As one would reasonably expect, some big names have been driving this bullishness. Lone Pine Capital, assembled the largest position in DexCom, Inc. (NASDAQ:DXCM). Lone Pine Capital had $231.6 million invested in the company at the end of the quarter. James E. Flynn’s Deerfield Management also initiated a $50.4 million position during the quarter. The following funds were also among the new DXCM investors: Ben Levine, Andrew Manuel and Stefan Renold’s LMR Partners, Bhagwan Jay Rao’s Integral Health Asset Management, and Michael Rockefeller and Karl Kroeker’s Woodline Partners.

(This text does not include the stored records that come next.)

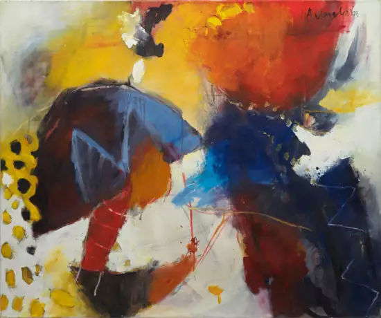Lyrisch-abstraktes Spiel in leuchtenden Farben, teilweise flächig und pastos aufgetragen. Nach seiner Jugendzeit in Australien studierte der niederländische Künstler an der Akademie der bildenden Künste in Maastricht, u.a. bei Gilbert de Bontridder und Peter Wehrens. Öl/Lwd.; R. oben u. verso sign. u. datiert (19)93. 100 cm x 120 cm. Rahmen.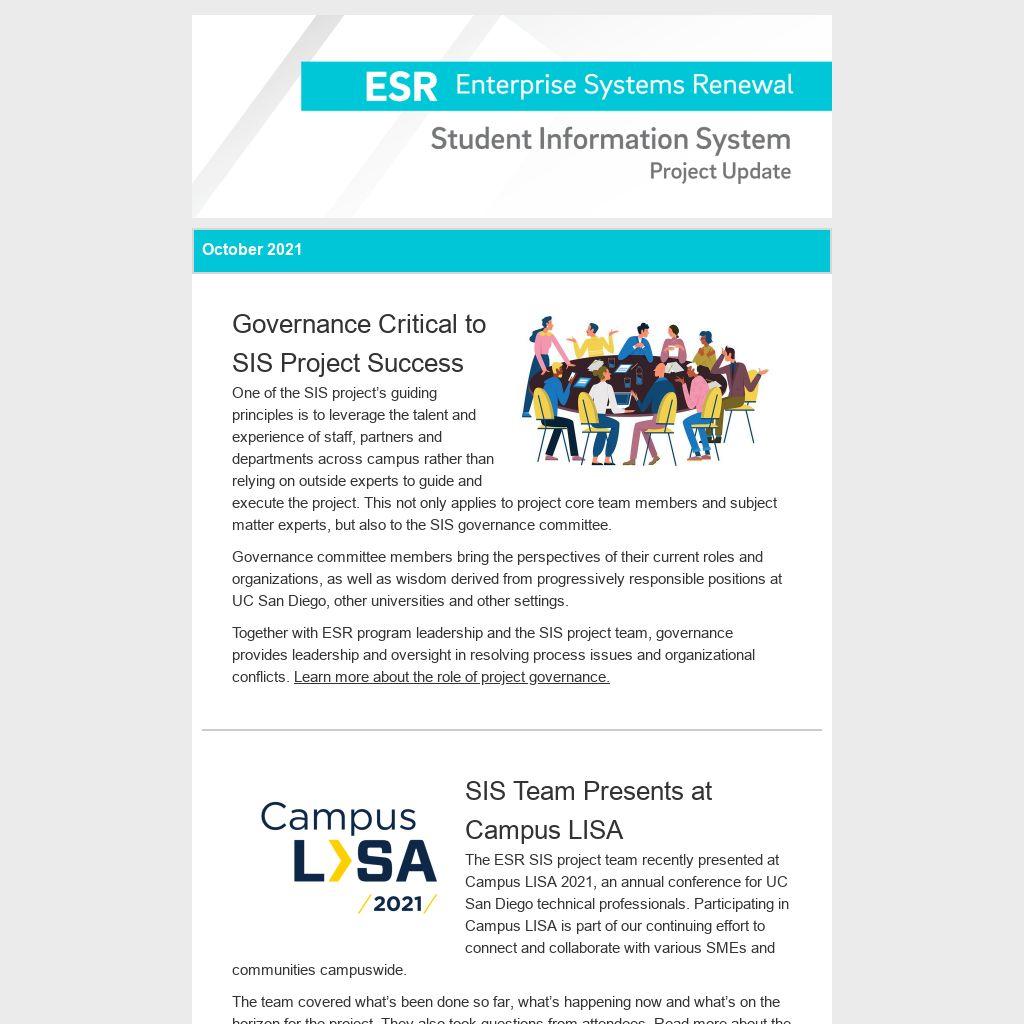 Abbreviations used above: Enterprise Systems Renewal (ESR), Student Information System (SIS), Enterprise Identity Management (EIM), Activity Hub (AH), Financial Information System (FIS).
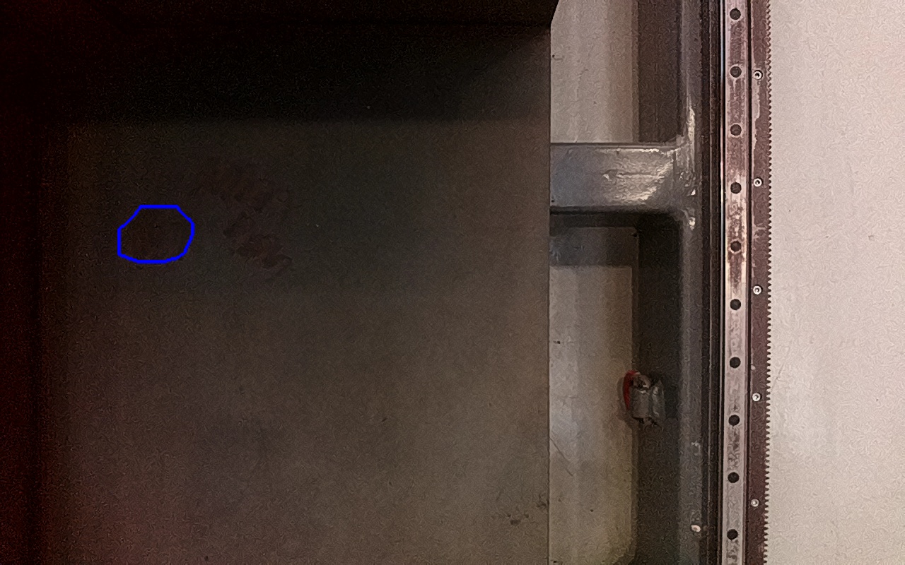 Rayaduras o zonas de metal expuestas con productos de óxido débilmente adherido. |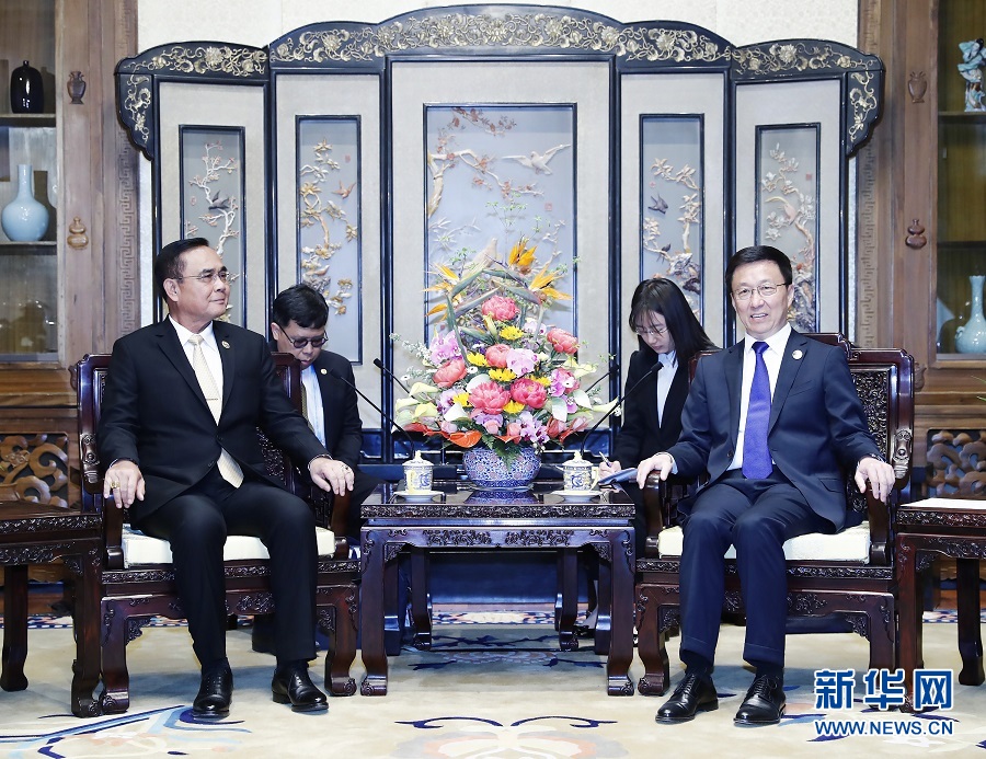 4月26日,中共中央政治局常委、國務(wù)院副總理韓正在北京釣魚臺國賓館會見泰國總理巴育。新華社記者 劉彬 攝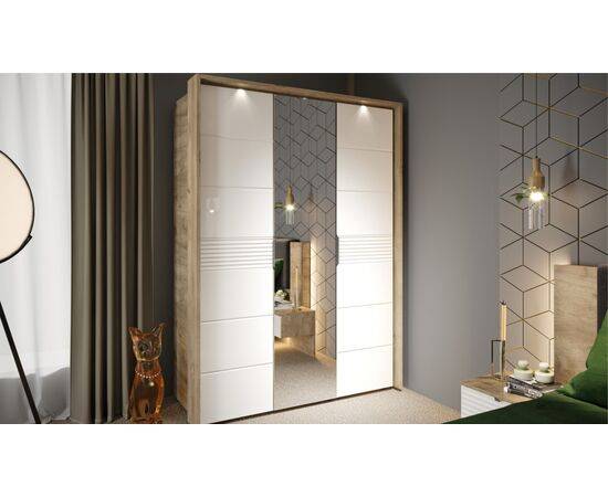 Шкаф трехдверный Джулия Дуб крафт серый/Белый глянец ДЗД без портала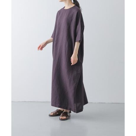 リネンにレーヨンが混紡されたしなやかな素材でワンピースをご用意しました。開きすぎない首元、ワイドながらも大きく見えないパターンを採用。シンプルながらも生地の良さが活かされたデザイン。風通しが良く、夏場でも涼しく着用いただけます。締め付けも無くストレスフリーな着心地です。アクセサリーやバッグなど小物でアクセントを加えて、コーディネートをお楽しみください。同素材のワイドパンツはシリーズアイテムからご覧いただけます。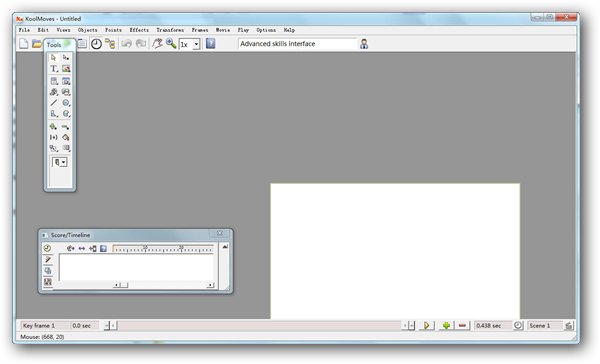 随着Flash动画在网络上的大受欢迎,Flash 软件家族也跟着发展壮大起来,我们会见到许多出色的第三方动画软件,Koolmoves 就是其中的一个皎皎者。它不仅能做出 Flash 动画,同样也可将动画输出为动态 GIF 格式或是其他常用的动态格式。此软件包括了丰富的做图工具和文字工具,而且也允许将图像,声音等其他的外部文件导入进行编辑。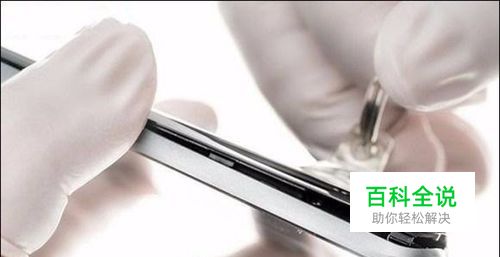 第六步:拆卸电池。将底部的喇叭等小部件拆卸下来之后,接下来就可以拆卸电池了,具体方法步骤如下。首先用手拉起左侧易拉胶手柄,如图。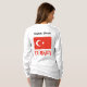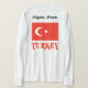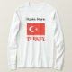 Bandera turca muestra en esta camiseta de una mujer de manga larga la palabra TURQUÍA debajo en colores que coinciden con la bandera. La bandera es roja, con una luna creciente blanca y una estrella blanca. Hay un espacio para agregar tu nombre para un toque personalizado, o bien, agregar el nombre de otra persona para un regalo personalizado.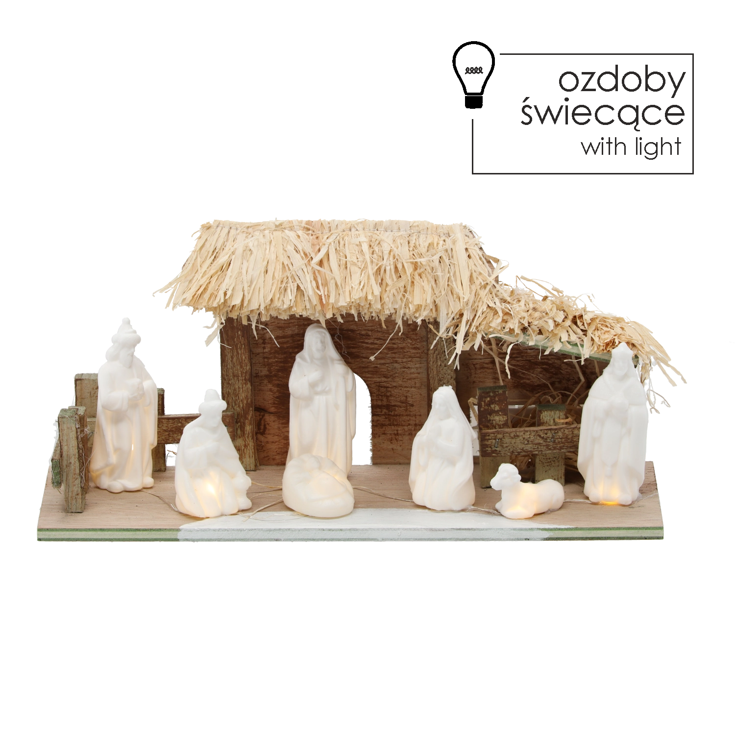 Creëer thuis een echte feestelijke sfeer met deze natuurlijke kerststal met LED-verlichting. Hij combineert een traditionele look van hout en stro met warm, energiezuinig LED-licht dat je interieur charme en gezelligheid geeft. Dankzij de universele afmetingen 31 × 10,5 × 13,5 cm past hij perfect op een dressoir, vensterbank, tafel of onder de kerstboom.
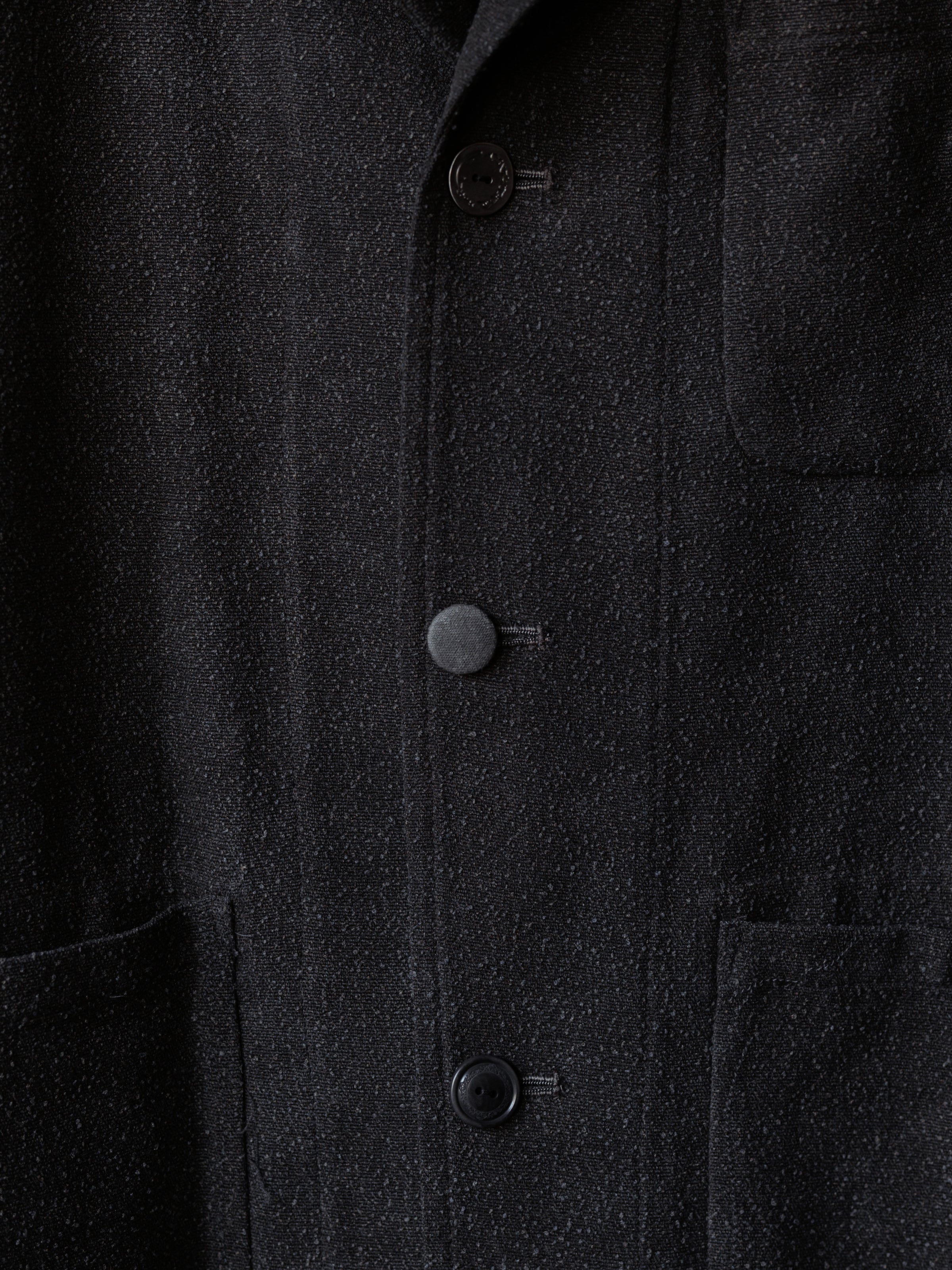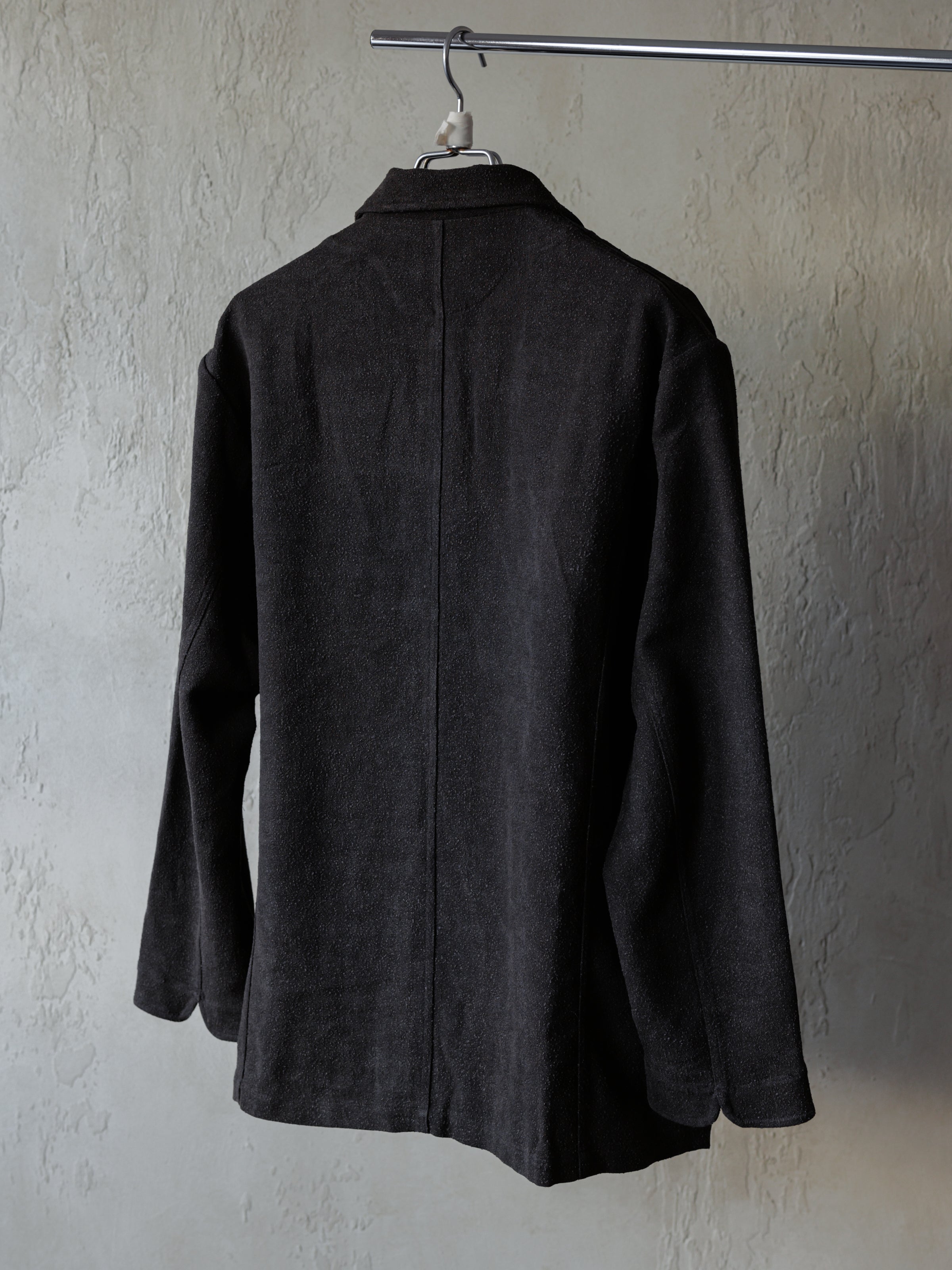 Inspired by a 1940s American work jacket from the archive, crafted from 100% Tussah silk and naturally dyed with plant-based colors. The fabric’s inherent texture adds an engaging, tactile quality.

Let’s now review hedge fund activity in other stocks – not necessarily in the same industry as DexCom, Inc. (NASDAQ:DXCM) but similarly valued. We will take a look at KeyCorp (NYSE:KEY), Essex Property Trust Inc (NYSE:ESS), Rogers Communications Inc. (NYSE:RCI), and First Republic Bank (NYSE:FRC). This group of stocks’ market values match DXCM’s market value.
|Ticker||No of HFs with positions||Total Value of HF Positions (x1000)||Change in HF Position|
View table here if you experience formatting issues.
As you can see these stocks had an average of 27.25 hedge funds with bullish positions and the average amount invested in these stocks was $650 million. That figure was $1053 million in DXCM’s case. KeyCorp (NYSE:KEY) is the most popular stock in this table. On the other hand Rogers Communications Inc. (NYSE:RCI) is the least popular one with only 13 bullish hedge fund positions. Compared to these stocks DexCom, Inc. (NASDAQ:DXCM) is more popular among hedge funds. Our calculations showed that top 20 most popular stocks among hedge funds returned 41.3% in 2019 and outperformed the S&P 500 ETF (SPY) by 10.1 percentage points. These stocks lost 22.3% in 2020 through March 16th but still managed to beat the market by 3.2 percentage points. Hedge funds were also right about betting on DXCM as the stock returned -7.5% so far in Q1 (through March 16th) and outperformed the market by an even larger margin. Hedge funds were clearly right about piling into this stock relative to other stocks with similar market capitalizations.